The main objective of the Guidelines is to contribute to good corporate governance by clarifying the roles and responsibilities of managers and enabling them to perform their tasks while simultaneously securing the interest of stakeholders and other invested parties. The Guidelines include recommendation over and above that laid down in the relevant legislation and as such are more flexible, as it is difficult to set standards that are suitable for companies of all types and sizes.

One must bear in mind that the Act on Public Limited Companies stipulates that companies must have three decision-making bodies in a hierarchical relationship to one another: the Shareholders’ Meeting, the Board of Directors and the Chief Executive Officer (CEO). The power and influence of shareholders is thereby limited to the Shareholders’ Meetings, while the Board seeks its authority from the Shareholders’ Meeting and carries out the supreme authority between Shareholders’ Meetings. It is then the responsibility of the Board to recruit the Chief Executive Officer (one or more) and call them to account regarding the operations of the Company. The CEO is responsible for the day-to-day management of the Company and shall pursue the policies and instructions of the Board. A vital part of good corporate governance is following this three-way division of roles and responsibilities, bringing about a clear distinction between the powers and responsibilities of each party, and ensuring that the parties involved do not encroach on matters that are the responsibility of another.

The layout of the fifth edition of the Guidelines is quite different from the previous versions. The Guidelines which companies need to comply with or explain deviations from are now in a numbered sequence. A short introduction in a shaded text box can now be found at the beginning of most chapters of the Guidelines. This introductory text is meant to clarify the Guidelines contained in each chapter and companies are not required to report non-compliance with such remarks. Many provisions have additional commentary that is marked specifically as such. Companies are not required to report non-compliance with such commentary. To prevent any uncertainty regarding the requirements of the Guidelines, the wording has been harmonised so that now, for instance, the phrase “the Board shall” is always used when referring to obligations of the Board.

This version of the Guidelines is applicable from 1 June 2015.This means that this version covers decisions regarding corporate governance practices taken after that date. It may be more practical in some circumstances for procedures and standards in force to remain applicable until a certain point in time, such as the end of the fiscal year or until the next AGM.

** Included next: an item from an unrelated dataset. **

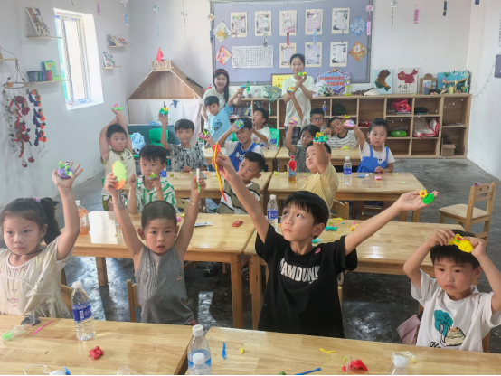 下午的课程是丰富多彩的手工粘土课。课程以向日葵为主题展开,支教团成员们引导孩子们用粘土塑造向日葵的形态,在提升小朋友们的动手能力和想象力的过程中,还结合手工作品传递了积极向上的生活态度。同时,还融入了非遗文化等相关内容,让孩子们在实践中收获非遗知识,传承红色文化。

Which companies are to apply the Corporate Governance Guidelines?

The Guidelines on Corporate Governance are specifically targeted at public-interest entities, i.e. companies with securities listed on a regulated market, pension funds, financial institutions and insurance companies.Under Act No 79/2008 on Auditors, cf. Act No 80/2008 on Annual Accounts, the following undertakings are considered public-interest entities: a) legal person with registered domicile in Iceland and with securities listed on a regulated securities market in a State within the European Economic Area, in a Member State of the European Free Trade Association or in the Faroe Islands; b) pension funds with a fully valid operating permit; c) lending institutions pursuant to the Act on Financial Undertakings; d) undertakings with a license to operate insurance operations in accordance with the Insurance Act. It should be noted that financial undertakings, insurance companies and companies with securities listed on a regulated market must follow recognised Guidelines on corporate governance.Cf. Article 19(3) of the Act No 161/2002 on Financial Undertakings and Article 6(3) of the Insurance Act (Act No 56/2010).

The Guidelines on Corporate Governance can however benefit all companies, regardless of their size and activities. It is furthermore desirable for State-owned enterprises to adhere to Guidelines on Corporate Governance in their operations.

The ‘comply or explain’ principle

The Guidelines on Corporate Governance are based on the ‘comply or explain’ principle. The principle allows company boards the flexibility to decide the extent to which certain aspects of the Guidelines suit their companies. As such, a company can be considered to adhere to the Guidelines even if it deviates from some of its standards. The ‘comply or explain’ principle does however place on boards the burden of providing a detailed explanation for all deviations from the Guidelines in the Company’s corporate governance statement.

This arrangement offers more flexibility for companies to tailor the Guidelines on Corporate Governance to their size, structure and sector. This also encourages boards and managers to contemplate and evaluate their own corporate governance conduct regularly.

If a company decides to deviate from the Guidelines on Corporate Governance, it shall explain:

  • the way in which the Guidelines have been deviated from;
  • why the Guidelines have been deviated from;
  • how the decision to deviate from the recommendations in question was made within the Company;
  • what measures were taken to offset deviations and how they conform to the underlying objectives of the Guidelines, wholly or partially.
  • If the deviation is temporary, the Board shall explain how the Guidelines will later be met.

These explanations should be clearly set forth in the Company’s corporate governance statement, so that shareholders, investors and other invested parties can easily familiarise themselves with their content. The characteristics and special circumstances of the relevant company – such as size, organisation and ownership of the Company – shall be outlined.